### Data Preparation

In [33]:
# Loading the necessary libraries

import os
import pandas as pd
import uuid
import librosa
import numpy as np


In [34]:
# Extracting emotions and placing it in its column

def extract_emotion(file_name):
    parts = file_name.split('_')
    emotion = parts[-1].split('.')[0]
    return emotion

def create_emotional_dataframe(folder_path):
    data = []
    for file_name in os.listdir(folder_path):
        emotion = extract_emotion(file_name)
        unique_id = f"{emotion}_{str(uuid.uuid4())[:8]}"
        file_path = os.path.join(folder_path, file_name)
        data.append({'ID': unique_id, 'File Name': file_name, 'Emotion': emotion, 'File Path': file_path})
        
    return pd.DataFrame(data)

folder_path_wav = r'dataverse_files'

emotion_df_wav = create_emotional_dataframe(folder_path_wav)

# Display the DataFrame
emotion_df_wav.head(10)

Unnamed: 0,ID,File Name,Emotion,File Path
0,angry_bcbcf8a2,OAF_back_angry.wav,angry,dataverse_files\OAF_back_angry.wav
1,disgust_52cdd1b9,OAF_back_disgust.wav,disgust,dataverse_files\OAF_back_disgust.wav
2,fear_adacc67f,OAF_back_fear.wav,fear,dataverse_files\OAF_back_fear.wav
3,happy_5d47cbfb,OAF_back_happy.wav,happy,dataverse_files\OAF_back_happy.wav
4,neutral_13dc91d7,OAF_back_neutral.wav,neutral,dataverse_files\OAF_back_neutral.wav
5,ps_cb173731,OAF_back_ps.wav,ps,dataverse_files\OAF_back_ps.wav
6,sad_0585a8cc,OAF_back_sad.wav,sad,dataverse_files\OAF_back_sad.wav
7,angry_9271fd76,OAF_bar_angry.wav,angry,dataverse_files\OAF_bar_angry.wav
8,disgust_f8c0ebfb,OAF_bar_disgust.wav,disgust,dataverse_files\OAF_bar_disgust.wav
9,fear_42e1a9de,OAF_bar_fear.wav,fear,dataverse_files\OAF_bar_fear.wav


In [35]:
def extract_features(file_path):
    # Load audio file
    y, sr = librosa.load(file_path, sr=None)
    
    # Extract MFCCs (Mel-Frequency Cepstral Coefficients)
    mfccs = librosa.feature.mfcc(y=y, sr=sr, n_mfcc=13)
    
    # Calculate pitch
    pitches, magnitudes = librosa.piptrack(y=y, sr=sr)
    pitch = np.mean(pitches)
    
    # Calculate energy
    energy = np.mean(librosa.feature.rms(y=y))
    
    # Calculate spectral features
    spectral_centroid = np.mean(librosa.feature.spectral_centroid(y=y, sr=sr))
    spectral_bandwidth = np.mean(librosa.feature.spectral_bandwidth(y=y, sr=sr))
    spectral_contrast = np.mean(librosa.feature.spectral_contrast(y=y, sr=sr))
    
    return mfccs, pitch, energy, spectral_centroid, spectral_bandwidth, spectral_contrast

In [36]:
audio_features = []
max_length = 0  # Track the maximum length of MFCC arrays

for file_path in emotion_df_wav['File Path']:
    mfccs, pitch, energy, spectral_centroid, spectral_bandwidth, spectral_contrast = extract_features(file_path)
    
    # Flatten MFCCs to ensure consistent shape
    mfccs_flat = mfccs.flatten()
    
    # Update max_length if necessary
    max_length = max(max_length, mfccs_flat.shape[0])
    
    # Combine all other features into a single 1D array
    features_combined = np.hstack((mfccs_flat, pitch, energy, spectral_centroid, spectral_bandwidth, spectral_contrast))
    
    audio_features.append(features_combined)

In [37]:
# Pad MFCC arrays to ensure consistent shapes
max_length = max(len(features) for features in audio_features)

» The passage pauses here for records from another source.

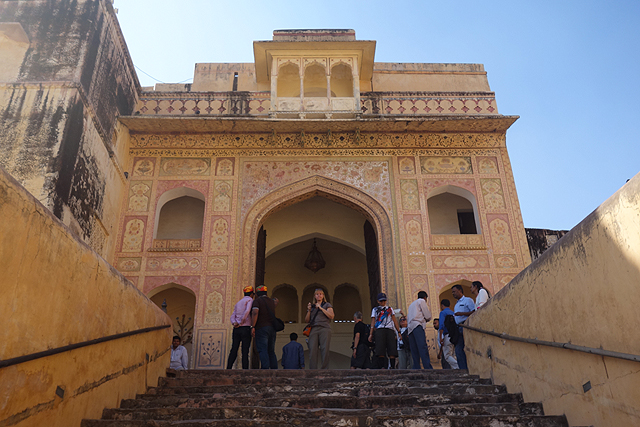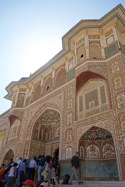 然儘管沒有俊帥的人臉,象神應該是濕婆之外,最多印度人喜愛的神吧,除了智慧與幸運,據說還能帶來財富。在這趟印度之旅中,總覺得不管到什麼店裡,都能看到他。而在「琥珀堡」,也因他能預知並移除災劫,被敬奉於內宮大門。原本我想好好將全景拍下,左看右等,才發現是件不可能的任務。身為內外宮的要道,本就人流穿梭不斷了,它的華麗炫眼更招著每個觀光客都想與它留念,所以結局可想而知,我只能降低標準,把群眾當成是它原生的紋繪。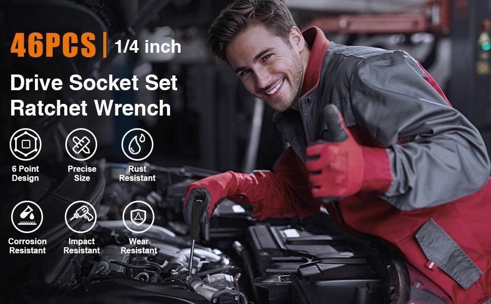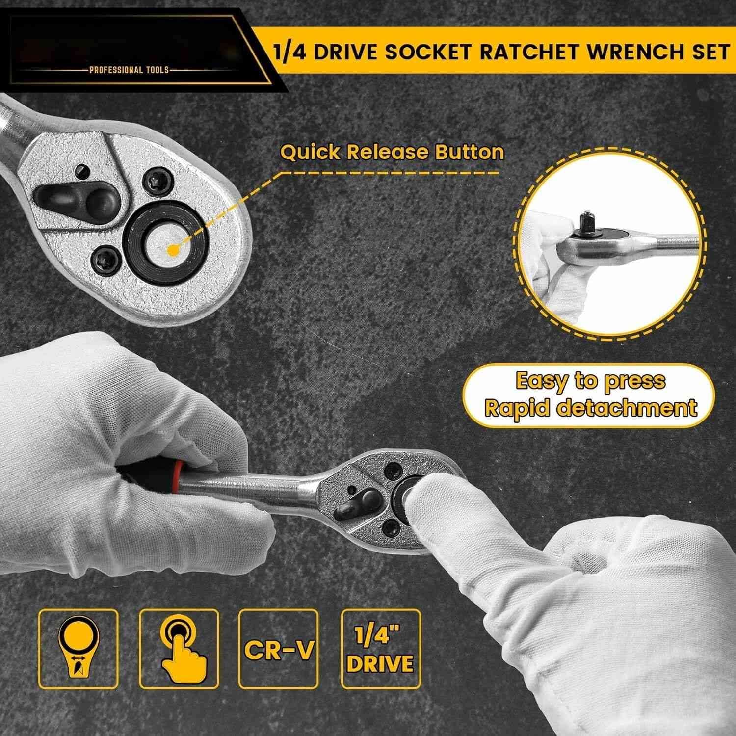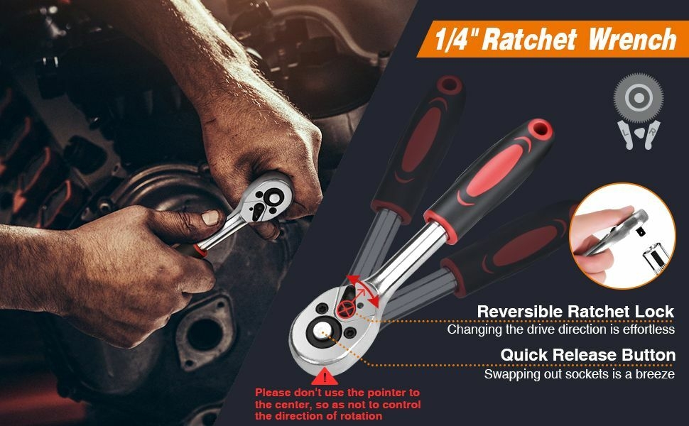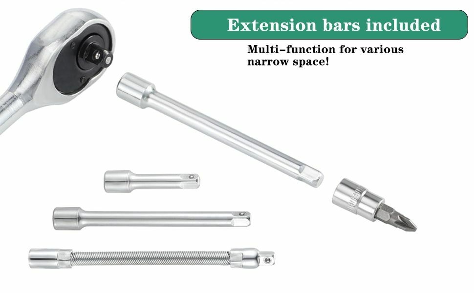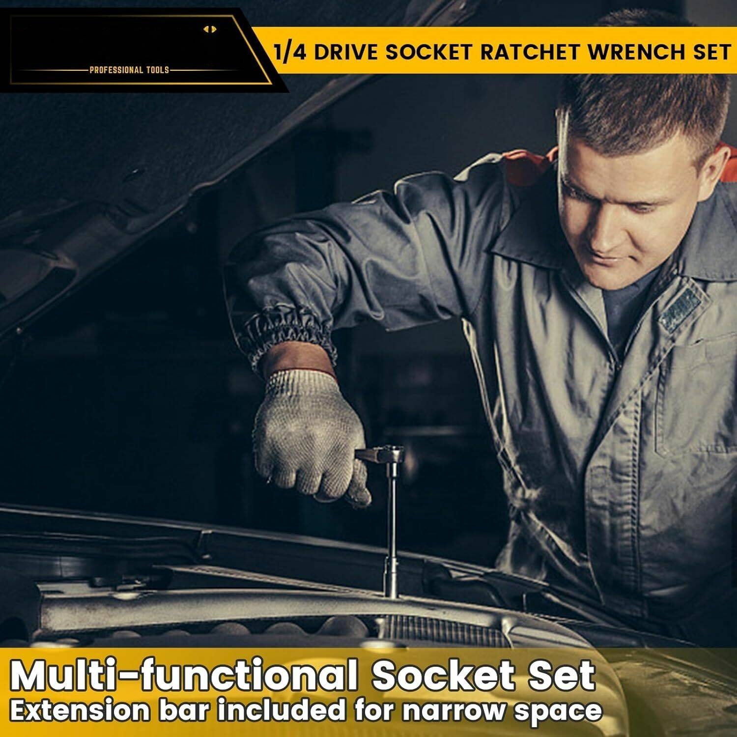 ♞ Material: Made of steel, the socket wrench set ratchet set is impact-resistant, abrasion-resistant, rugged, ensuring that your repair work is precise and reliable.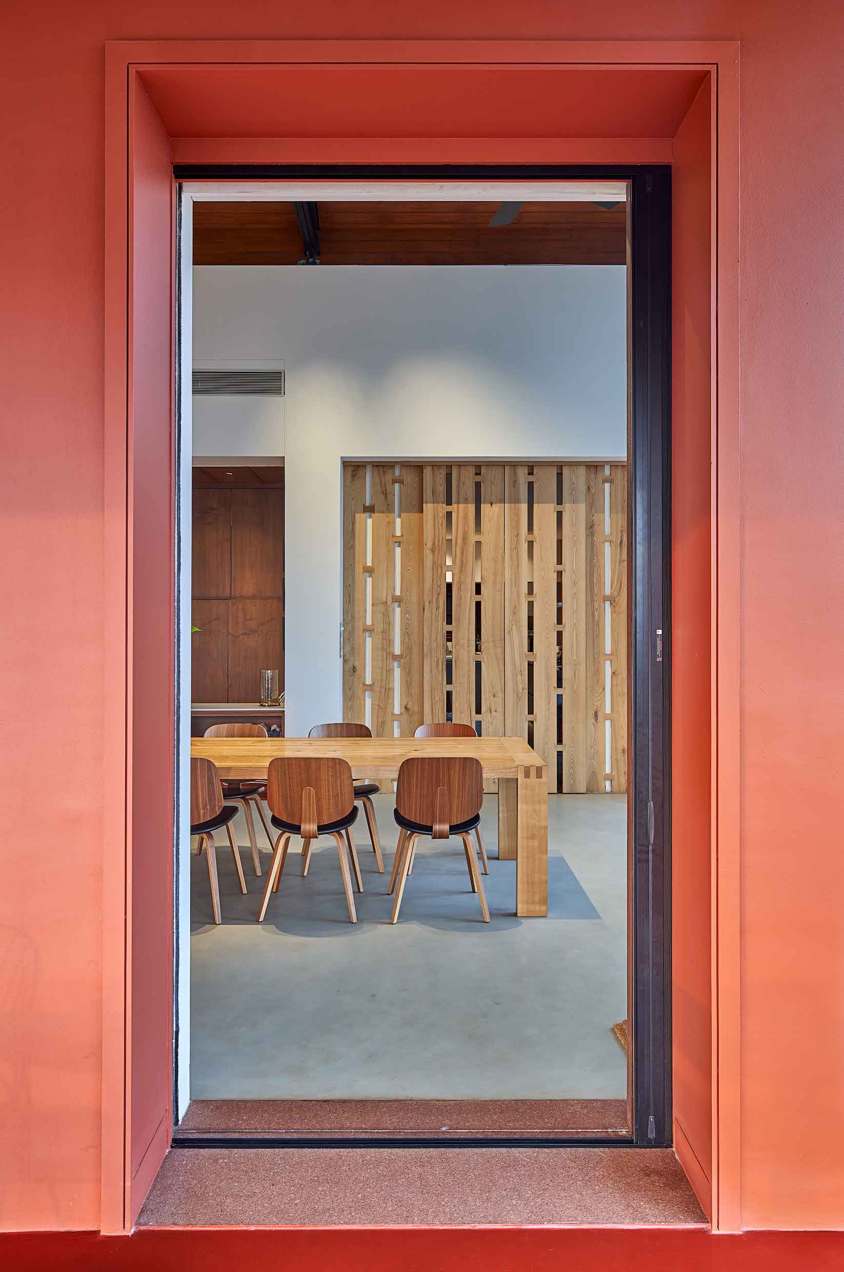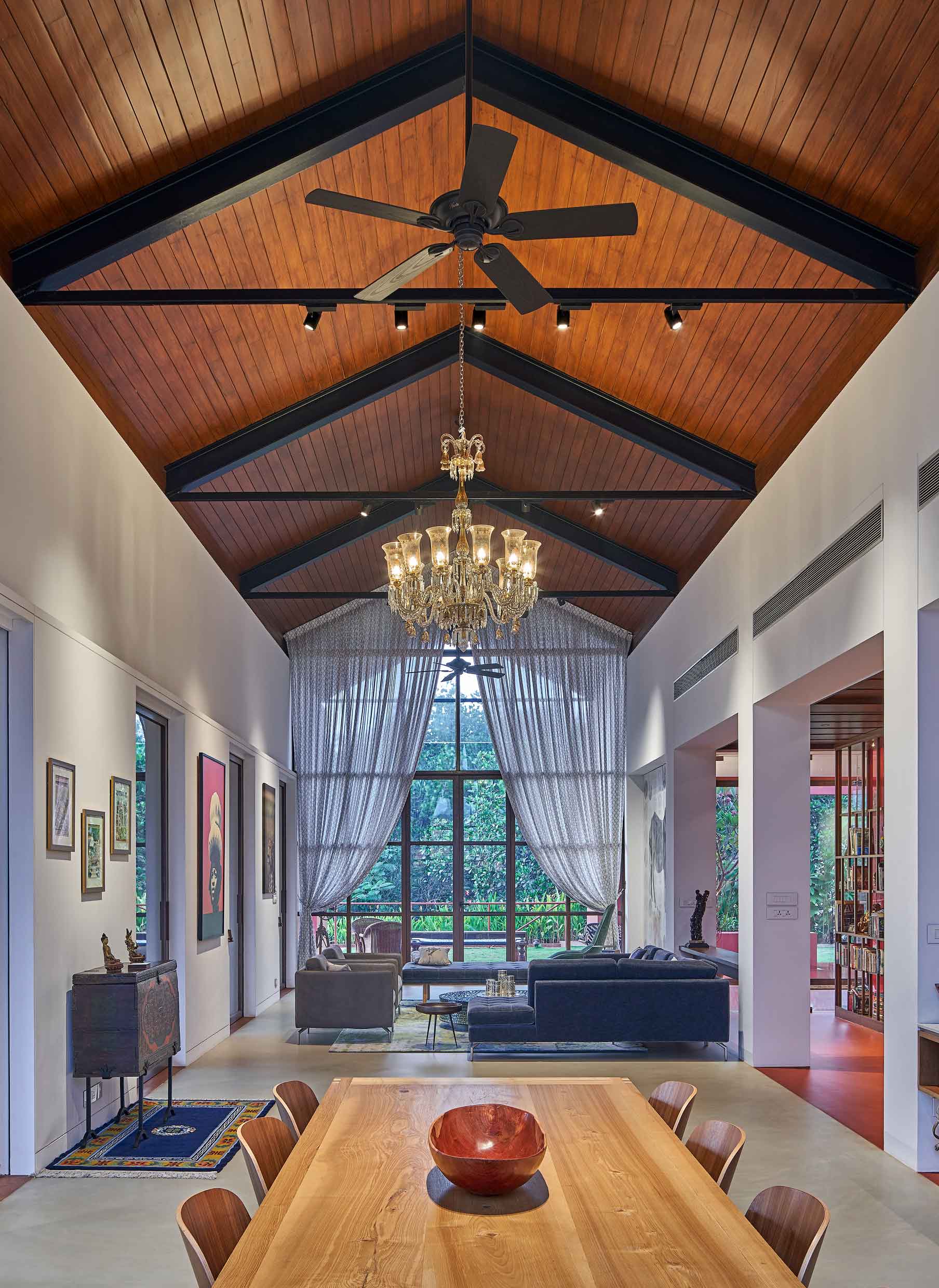 The 3000 x 1200 all ash table is made of selected planks of treated timber. The table is inspired by the traditional joinery techniques in Goa which is now more prominently known through its Japanese Sashimono style. Two beams and a column snugly fit into each other without the use of any ironmongery.

padded_audio_features = []
for features in audio_features:
    # Calculate the amount of padding needed
    padding_width = max_length - len(features)
    # Pad the features array with zeros to match the maximum length
    padded_features = np.pad(features, ((0, padding_width)), mode='constant')
    padded_audio_features.append(padded_features)

# Convert the list of arrays to a 2D NumPy array
padded_audio_features_array = np.array(padded_audio_features)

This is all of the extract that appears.